> _Required action_:
Every line of the listing below must be printed again exactly, apart from its pictures.

> _Stored data_:
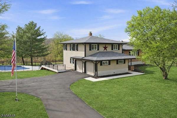 Welcome to 16 Schaaf Road, a STUNNING gut renovated home set on over 3 acres in beautiful Alexandria Township! This move in ready 3 bed, 3 bath home w/ 2 car garage blends modern design with quality craftsmanship. The main level features an open concept layout with seamless flow between the living, dining room, and kitchen. The chef's kitchen is thoughtfully designed with solid wood cabinetry, quartz countertops, tile backsplash, a large center island, & high end SS appliances. A sliding door opens to the upper Trex deck, offering expansive backyard views. Just off the foyer, the spacious family room is filled with natural light and features a brick fireplace, a full bath, and direct access to the lower deck level, creating a flexible everyday living space. The second level hosts the primary suite with an en suite bath & walk in closet, along with two additional well sized bedrooms and a fully reno'd hall bath. Hardwood flooring, recessed lighting, and a bright modern aesthetic continue throughout the home. Outdoor living truly shines with a multi level Trex deck and a fully renovated in ground pool, all surrounded by lush, park like grounds that provide privacy and a serene setting. Extensive upgrades include a brand new roof & gutters, HVAC, hwh, driveway, electrical panel, Trex decking, concrete pool, decking, and fencing, insulated garage doors, & SO many more. Located in one of New Jersey's most scenic areas, this exceptional property is waiting for you!
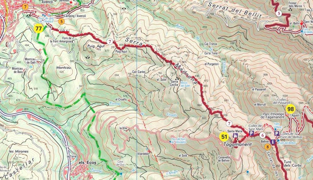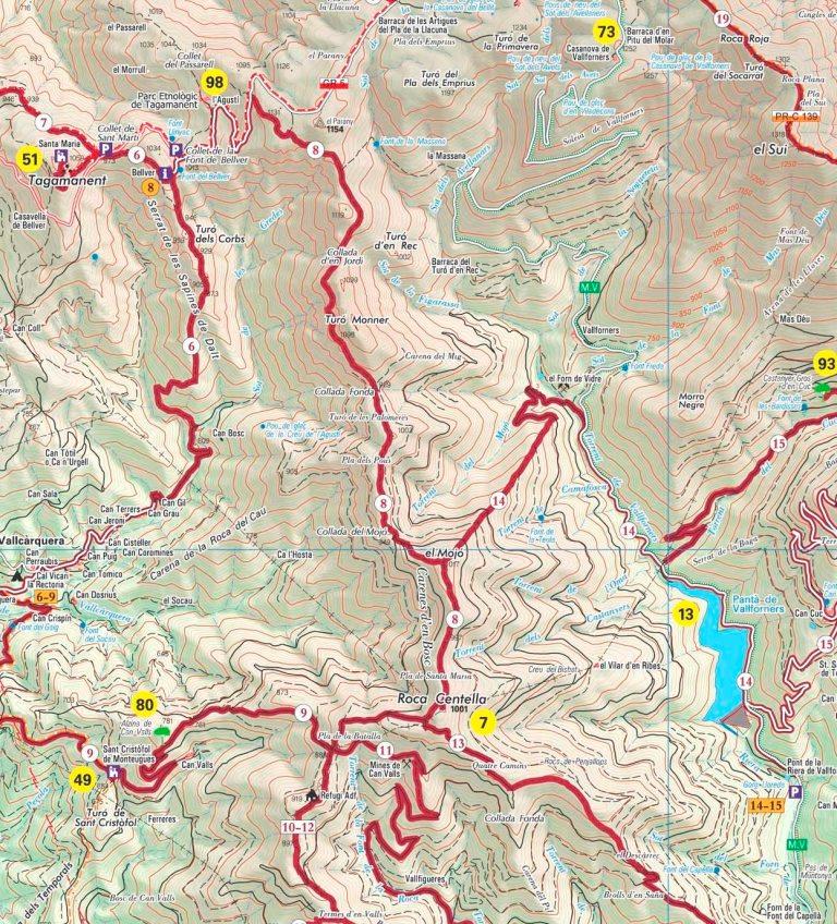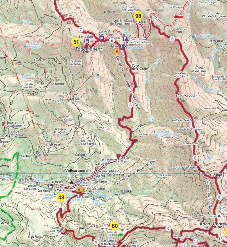 El camí puja de manera decidida pel mig del bosc i a la part intermèdia i alta transcorre de ple pel dors del TURÓ DELS CORBS, que es tracta d’una petita cota de 959 metres situada a la part alta de la pujada. Just a la part final el paisatge s’obre, sense que ens abandoni el bosc, però la pròpia aresta presenta grenys rocallosos que fa que les vistes siguin més amples. L’aresta, sempre ample, boscosa i amb camí marcat, va a parar al prats situats sota mateix de la masia de BELLVER, ben visible davant nostra. 1.000 m. (1,30 h). Des de la masia – restaurant prendrem el camí situat davant del portal i que es dirigeix en direcció N.O. cap al ben visible Tagamanent, fent una suau baixada arribem al COLLET DE SANT MARTÍ, 973 m. (1,40 h) amb les runes de l’ermita homònima. Hi trobem l’ample pista que prové de l’altre extrem de la CALMA. Al mateix coll deixem de banda la pista per prendre el corriol senyalitzat que, en direcció oest, enfila els prats situats al peu de les muralles del cim. Passem pel costat d’una senyal on ens anuncia el perill d’esllavissades. El camí no te pèrdua i esta senyalitzat. Traça una línia lleugerament ascendent que volta al peu de les cingles, fins a un trencall on canviarem radicalment la direcció de la nostra marxa. Continuem pujant fins a les esplanades del cim del TAGAMANENT. 1.059 metres. Runes de l’església de SANTA MARIA. (2,00 h)
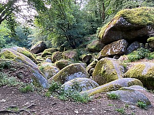 4 kmBalade des mares à Piat et Dagneau. Petit parking sur la route ronde (D142). Cette balade suit des parcours non balisés, quelques fois en RBD, par le GR et le sentier bleu n°5 du Cuvier-Chatillon. On rencontre un peu tous les terrains : sable, terra, blocs, cailloux, et des fougères (attention a »
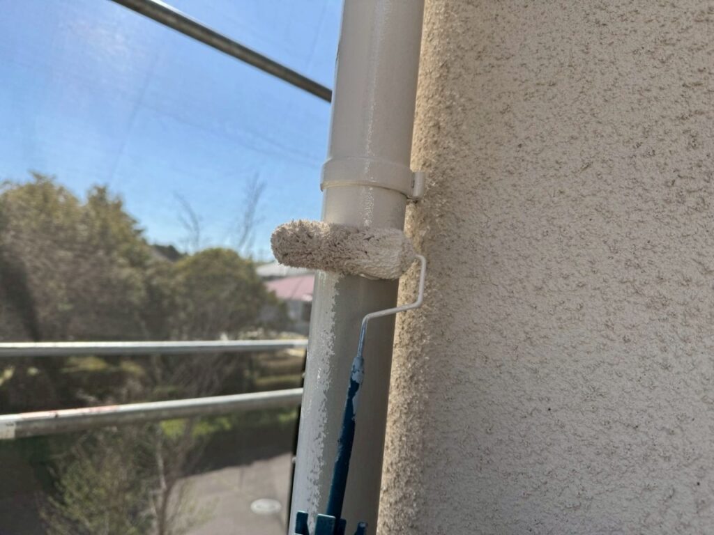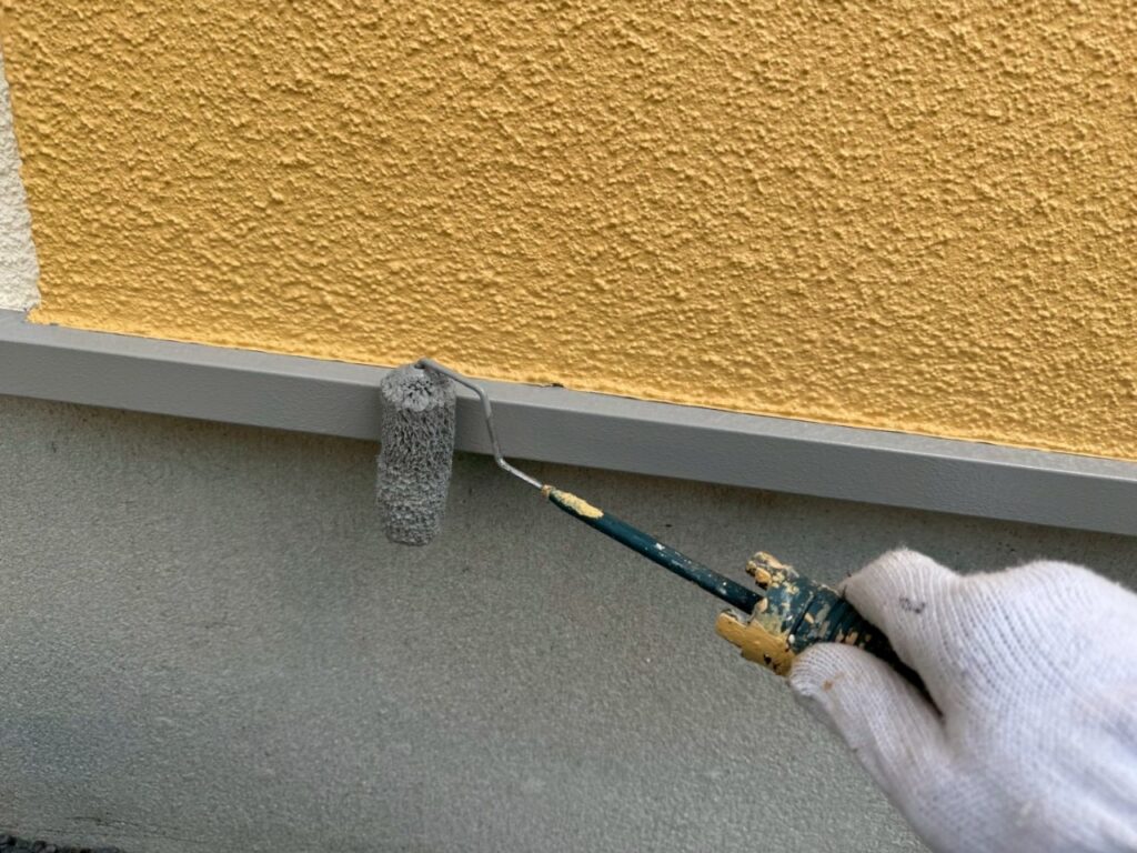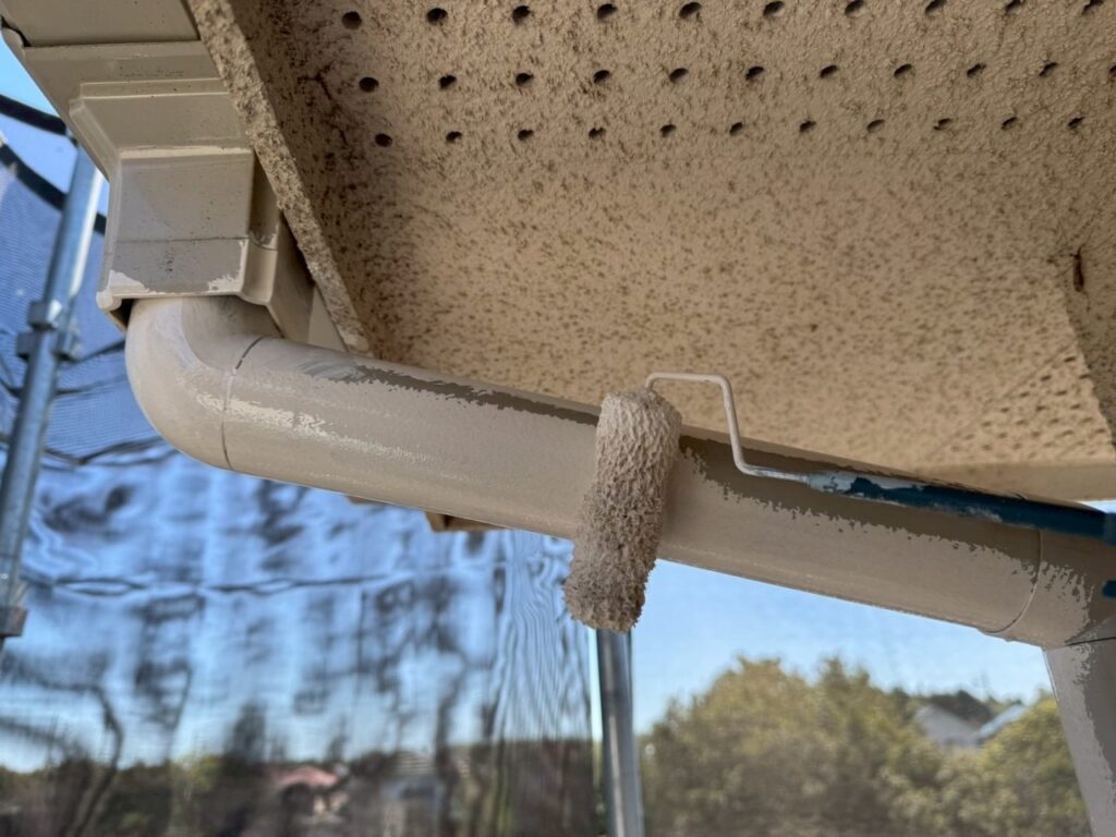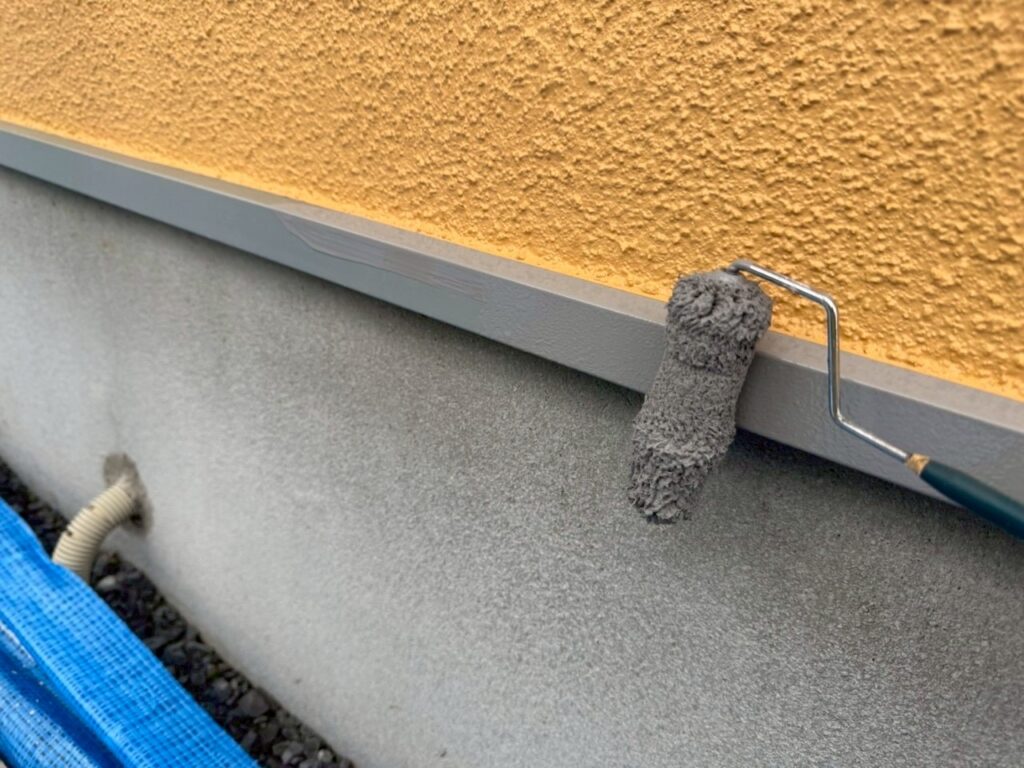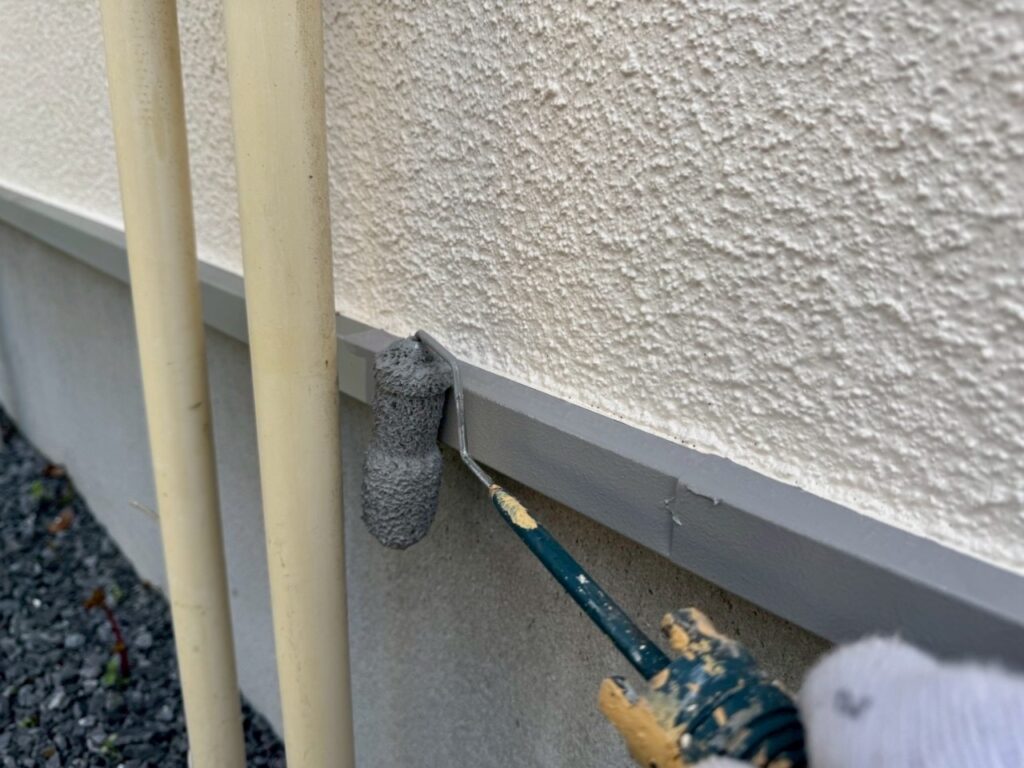 あまり目につかない部分ですが、「お洒落は足元から」というように細かな部分もしっかり塗装していきます。基本的に工事終盤に行う作業なので外壁に塗料が付かないよう集中して塗装をします。

> _Written reply_:
 Welcome to 16 Schaaf Road, a STUNNING gut renovated home set on over 3 acres in beautiful Alexandria Township! This move in ready 3 bed, 3 bath home w/ 2 car garage blends modern design with quality craftsmanship. The main level features an open concept layout with seamless flow between the living, dining room, and kitchen. The chef's kitchen is thoughtfully designed with solid wood cabinetry, quartz countertops, tile backsplash, a large center island, & high end SS appliances. A sliding door opens to the upper Trex deck, offering expansive backyard views. Just off the foyer, the spacious family room is filled with natural light and features a brick fireplace, a full bath, and direct access to the lower deck level, creating a flexible everyday living space. The second level hosts the primary suite with an en suite bath & walk in closet, along with two additional well sized bedrooms and a fully reno'd hall bath. Hardwood flooring, recessed lighting, and a bright modern aesthetic continue throughout the home. Outdoor living truly shines with a multi level Trex deck and a fully renovated in ground pool, all surrounded by lush, park like grounds that provide privacy and a serene setting. Extensive upgrades include a brand new roof & gutters, HVAC, hwh, driveway, electrical panel, Trex decking, concrete pool, decking, and fencing, insulated garage doors, & SO many more. Located in one of New Jersey's most scenic areas, this exceptional property is waiting for you!
 El camí puja de manera decidida pel mig del bosc i a la part intermèdia i alta transcorre de ple pel dors del TURÓ DELS CORBS, que es tracta d’una petita cota de 959 metres situada a la part alta de la pujada. Just a la part final el paisatge s’obre, sense que ens abandoni el bosc, però la pròpia aresta presenta grenys rocallosos que fa que les vistes siguin més amples. L’aresta, sempre ample, boscosa i amb camí marcat, va a parar al prats situats sota mateix de la masia de BELLVER, ben visible davant nostra. 1.000 m. (1,30 h). Des de la masia – restaurant prendrem el camí situat davant del portal i que es dirigeix en direcció N.O. cap al ben visible Tagamanent, fent una suau baixada arribem al COLLET DE SANT MARTÍ, 973 m. (1,40 h) amb les runes de l’ermita homònima. Hi trobem l’ample pista que prové de l’altre extrem de la CALMA. Al mateix coll deixem de banda la pista per prendre el corriol senyalitzat que, en direcció oest, enfila els prats situats al peu de les muralles del cim. Passem pel costat d’una senyal on ens anuncia el perill d’esllavissades. El camí no te pèrdua i esta senyalitzat. Traça una línia lleugerament ascendent que volta al peu de les cingles, fins a un trencall on canviarem radicalment la direcció de la nostra marxa. Continuem pujant fins a les esplanades del cim del TAGAMANENT. 1.059 metres. Runes de l’església de SANTA MARIA. (2,00 h)
 4 kmBalade des mares à Piat et Dagneau. Petit parking sur la route ronde (D142). Cette balade suit des parcours non balisés, quelques fois en RBD, par le GR et le sentier bleu n°5 du Cuvier-Chatillon. On rencontre un peu tous les terrains : sable, terra, blocs, cailloux, et des fougères (attention a »
 あまり目につかない部分ですが、「お洒落は足元から」というように細かな部分もしっかり塗装していきます。基本的に工事終盤に行う作業なので外壁に塗料が付かないよう集中して塗装をします。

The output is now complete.